Who were these men? No uniforms. Unmarked vehicle. Hidden weapons. Where was the SWAT team? Where were the snipers? The drones and choppers? This didn’t smell like the law.

It didn’t matter. What mattered was that these men were here for him. To capture him or kill him. And that wasn’t going to happen.

He was sweating now. The active camo he’d turned on was trapping his body heat, not letting it escape into the air around him where an infrared scope could pick it up. Without a thermal capacitor to suck that heat up, he was going to get warmer and warmer until he cooked.

Breece eased back behind the crypt, slowly, no sudden moves. Then he went Inside, launched a bootleg app.

[remote_driver -boot -silent]

The app reached through the net connection of his phone, connected to the Lexus’s sleeping auto computer, and booted the car up in silent mode, no lights, no sound, all electric. A window came alive in his mind’s eye, and he pushed it full screen, complete immersion. He could see out of the car’s cameras now. Status panels showed battery charge, GPS, engine temperature down the side of his vision. Front and center, through the car’s cameras, he could see the man standing against the SUV. The plates were Texas, standard civilian, no government endorsement of any sort. He couldn’t be sure, but inside the tinted windows the vehicle looked empty.

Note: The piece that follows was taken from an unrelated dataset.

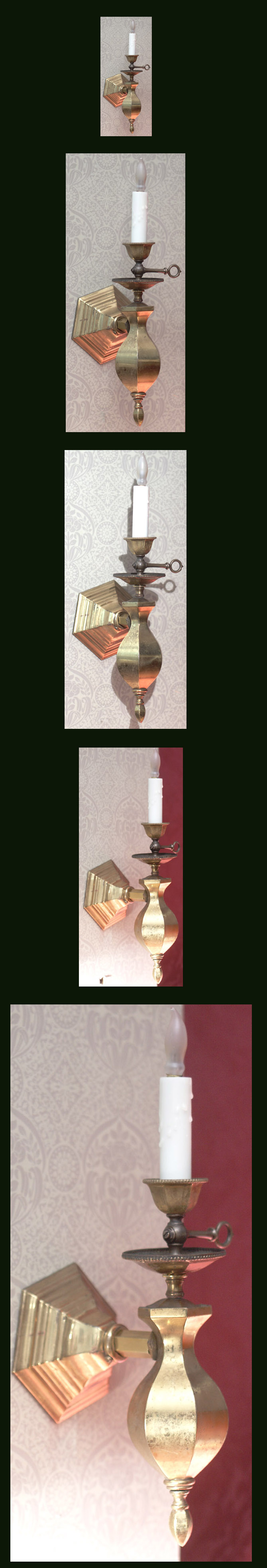 This is a pair of gas wall sconces. Circa 1900. They have good detail in a simple form with hexagonal tubing. They have been fitted with electric candle covers that have been dipped in beeswax to simulate a wax candle!

The man by the SUV was looking the other way, up towards the cemetery and his colleagues. The man held onto the bundle over his shoulder like a rifle. Breece used his mental finger to click on the screen, drag it to one side. Down below, the Lexus panned its cameras slowly. Through its eyes he watched the two others ascending the hill. They were almost to his discarded phone.

He’d only get one shot at this. He tapped commands into the app running on his Nexus OS for a moment. Then he reached down with his right hand and pulled the ceramic blade from his calf holster. He peered one last time around the crypt wall, then back into his inner eye and the feed from the Lexus’s cameras again.

Now.

Breece closed his eyes and tapped a mental button. The Lexus surged forward at the man by the SUV. Breece opened his eyes immediately, bringing them back to the two men here on the hill with him.